The sharp and sometimes angry questioning stood in stark contrast to the tone of hearings on the surveillance programs by congressional intelligence committees in recent weeks.

And James Risen (New York Times) reports:


“The government is stockpiling sensitive personal data on a grand scale,” said Representative Ted Deutch, Democrat of Florida. “Intelligence officers, contractors and personnel only need a rubber-stamp warrant from the FISA court to then learn virtually everything there is to know about an American citizen,” he said, referring to the Foreign Intelligence Surveillance Act.
While administration officials defended the surveillance during the hearing, several lawmakers said that the data collection was unsustainable, and that Congress would move to either revoke the legislative authorization for the bulk collection now or at least refuse to renew it when it expires in 2015. Mr. [James] Sensenbrenner interrupted James Cole, a deputy attorney general, to say, “Unless you realize you’ve got a problem, that is not going to be renewed.”
Wednesday’s hearing was part of a counteroffensive emerging against the National Security Agency’s domestic surveillance since the scope of the spying operations was exposed by Edward J. Snowden, a former N.S.A. contractor.


That's a national chain (McClatchy) and two major daily newspapers.
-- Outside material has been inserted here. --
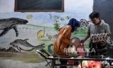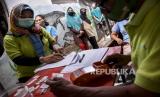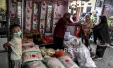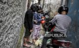 Warga mengantre untuk mendapatkan Bantuan Sosial Non Tunai (BSNT) atau paket sembako di Ciroyom, Kecamatan Andir, Kota Bandung, Jumat (8/11). (FOTO : ABDAN SYAKURA/REPUBLIKA)
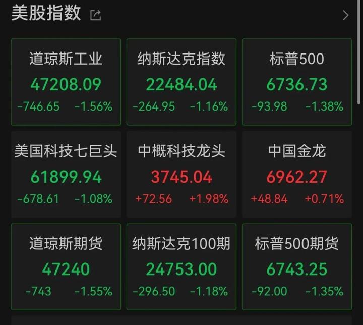 受非农数据爆冷影响,美股三大指数集体低开。截至发稿,道指跌1.56%,纳指跌1.16%,标普500指数跌1.38%。纳斯达克中国金龙指数涨0.71%,其中,京东涨超5%。

Pete Yost (AP) covered it as well.  I'm sure there are many others but that's four strong reports to refer to.  I thought Deutch was worth emphasizing and that he would be overlooked so we included him in the snapshot yesterday.  I thought Nadler would be everyone's focus.  I don't have time to look for network coverage but Conyers was supposed to be featured in at least one network's report so I touched on him in the snapshot but didn't emphasize him.